The two most notable take-aways from this paper are that the system described can create realistic synthesized video from user-generated models via DreamBooth; and that the authors acknowledge, at the paper’s conclusion, the growing retrenchment around data availability for such systems – a new protectionism that seems set to slow down the video and image synthesis scene notably.
From the paper:
‘Our synthesized videos are not indistinguishable from real content yet. However, enhanced versions of our model may in the future reach an even higher quality, potentially being able to generate videos that appear to be deceptively real. This has important ethical and safety implications, as state-of-the-art deep generative models can also be used for malicious purposes, and therefore generative models like ours generally need to be applied with an abundance of caution.

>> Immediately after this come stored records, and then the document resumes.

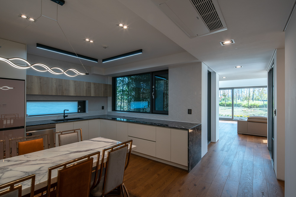 In general, the yard of a detached housing site in a housing site development district cannot be free from the perspective of adjacent roads and land on the volume of the site. It planned to plan a private courtyard that was separated from the front road inside the site close to Cheongna Lake Park and adjacent to the buffer green area and share it with two generations. In the type of housing where the two generations must live independently and in harmony, the yard secures intergenerational sharing and serves as a medium for introducing the natural view of the lake park into the building in its own way.
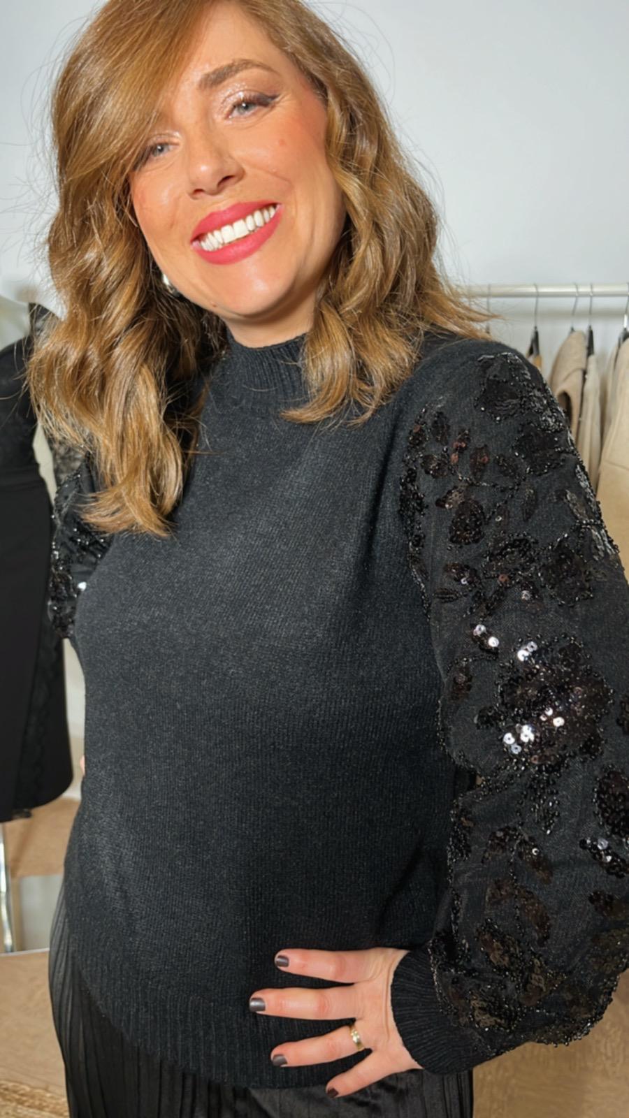 Jersey de tejido suave, color negro le adorna lentejuelas negras en las dos mangas, cuello redondo talla única tallaje desde S,M,L
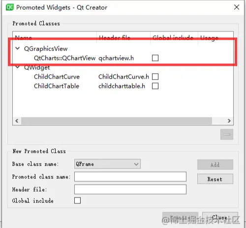 在Designer中拖出一个GrahpiceView控件,提升成QChart类。
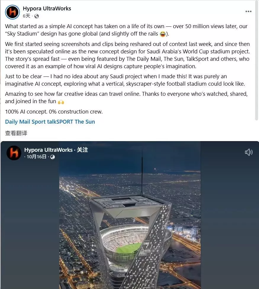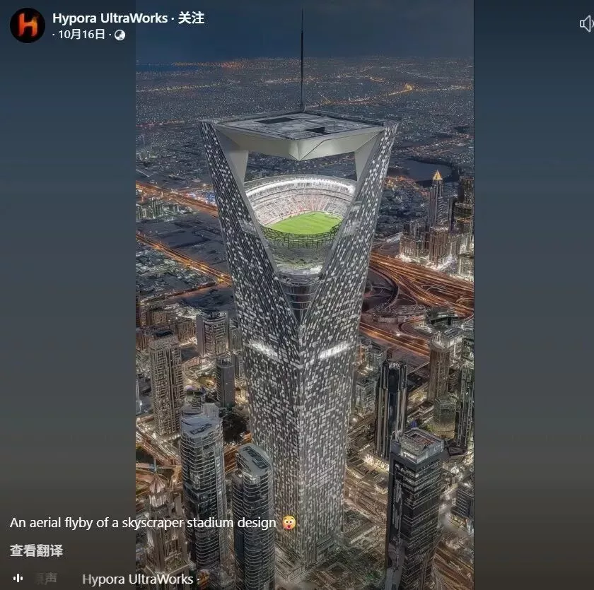 UltraWorks转发了这段原视频并指出,“当我做这个的时候,我完全不知道沙特阿拉伯的任何项目!这纯粹是想象的AI概念,探索垂直摩天大楼风格的足球场可以看起来像什么。”

‘Moreover, the data sources cited in this paper are for research purposes only and not intended for commercial application or use, and the text-to-image backbone LDMs used in this research project have been trained on large amounts of internet data.
‘Consequently, our model is not suitable for productization. An important direction for future work is training large-scale generative models with ethically sourced, commercially viable data.’
This reiterates the point we made earlier this month regarding Adobe’s growing interest in generative systems, which is underpinned by its massive investment in stock images and video: that the ‘data party’ may indeed be coming to an end, as freely web-scraped LAION-scale datasets come under increasing legal scrutiny, and business investors in generative AI begin seem likely to seek out ‘safer’ systems, using IP-safe data that is less likely to face legal challenges – even if smaller ‘legitimate’ collections cannot compete with the unfettered priors that can be obtained by liberally exploiting the entire internet to populate datasets.